Comments on: Scaling MySQL and MariaDB to TBs: Interview with Martín Farach-Colton.

By: Vilho Raatikka

Vilho Raatikka — Thu, 22 Nov 2012 16:51:43 +0000

@Martin, thanks. I found good material about it.

By: Jan Alanco

Jan Alanco — Mon, 29 Oct 2012 06:35:50 +0000

I don’t know why you are asking my opinion. I’m not familiar with databases. My focus is on digital image. But any way I can give you some of my thoughts.

Normally seems to be so that digital image databases are quite locked and they work only in the archive house. Often is so that if you take picture out of database the image there is only the image as it self and nothing more. No information over anything. Digital database program has wiped out all information. The picture file contains only minor data such as:

name plus extender=format
dimensions
resolution
file size

Customer might want to know at least:

color profile
deep of compressing if any
description
photographer name
date and time of creation

The other way is to use metadata features of an modern digital image. It is not so common knowledge that there is a possibleties to store information in side the file. This is ASCII so its doesn’t take room. The best part is that biggest amount of this kind of information can be automatically saved. There is several parts of metadata:

Exif – technical information, which contains basic image data, names and version of used programs, thumbnale picture and so on (automatically)

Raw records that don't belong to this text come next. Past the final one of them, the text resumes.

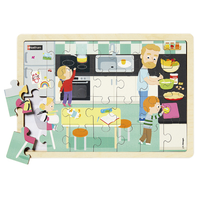 Un puzzle en bois de 28 pièces sur le thème de la cuisine. Ce puzzle sur le thème de la cuisine peut être reconstitué avec ou sans le modèle (amovible). 2 niveaux de difficultés progressives grâce au modèle recto verso (couleurs ou noir et blanc). Des illustrations riches et colorées imprimées sur le bois favorisent le langage. Cadre pour caler les pièces et faciliter le rangement.
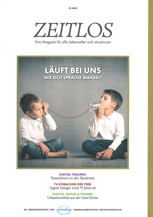 In der aktuellen Ausgabe der Aeternitas-Vereinszeitschrift "Zeitlos" berichten wir unter dem Titel "Läuft bei uns" über den Wandel unserer Sprache. Außerdem stellt die neue "Zeitlos" unter anderem digitale Trauerfeiern und die Urlaubsinsel Kreta vor.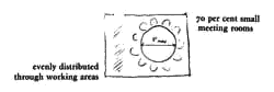 The meeting rooms are not located where people work. Once again, this discrepancy has a bad effect on the social life of small meetings. The meetings work best when the meeting rooms are fairly near the participants' offices. Then discussions which begin in the meeting rooms are able to continue in the office or laboratory. When the meeting rooms are a long walk from offices, the chances of this kind of informal business are drastically reduced. Therefore: Make at least 70 per cent of all meeting rooms really small - for 12 people or less. Locate them in the most public parts of the building, evenly scattered among the workplaces.

IPTC – archive data, which contains photographers name, descriptions, copyright notes, owner and storing place (must be write down)

XMP – partly both, but also you can store image handling process (Adobe’s own data format)

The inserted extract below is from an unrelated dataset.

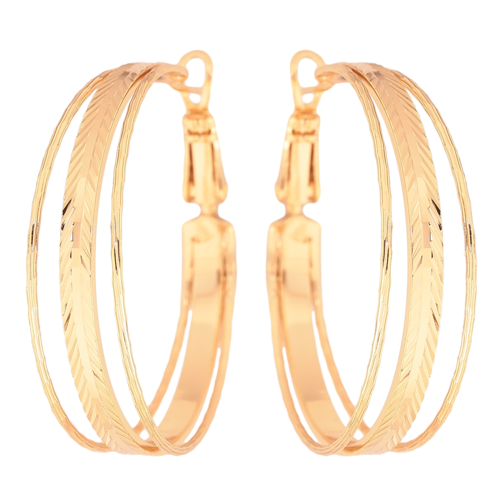 Сережки Xuping колір Позолота 18K кільця (конго) "Потрійні з візерунком" ø 3.5см

this is constantly growing area – geodata (now adays also shooting direction), face recognition and so on (automatically partly=must be proved by human)

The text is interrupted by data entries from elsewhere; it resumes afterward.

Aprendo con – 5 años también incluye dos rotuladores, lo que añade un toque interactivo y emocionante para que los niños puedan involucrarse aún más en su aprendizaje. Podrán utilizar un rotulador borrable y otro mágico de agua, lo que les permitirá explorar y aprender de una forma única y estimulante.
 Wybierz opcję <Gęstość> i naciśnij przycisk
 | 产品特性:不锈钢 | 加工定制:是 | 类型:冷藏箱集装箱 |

In this new system metadata will ride with image all over the world. You don’t need heavy database system. Information is possible to read from images. But if archive authorities will they might want keep storing database. Also original images needs place to keep.

Now a days I would keep raw-dng store. It is possible save metadata already in raw file. You need only develop pictures out from digital negatives. Tiff store is not necessarily needed. In that way you spare a lot of storing room.

By: Martin Farach-Colton

Martin Farach-Colton — Mon, 22 Oct 2012 01:19:04 +0000

@Vilho,

In a traditional OLTP approach, if you need to modify part of a B-tree, but the part you need to modify is on disk, then you end up doing a full round-trip to disk for a single modification. On the other hand, approaches like OLAP batch up changes and apply them in a group. This makes the updates much more memory efficient, but the changes aren’t available for a while.

The advantage of fractal trees is that the changes to tree are scheduled so that they are in bunches, and therefore fast (like OLAP) but the changes are on the path of queries, so they affect the queries immediately (like OLTP).

So you get fast updates but also immediate updates. High throughput and lower latency, if you will.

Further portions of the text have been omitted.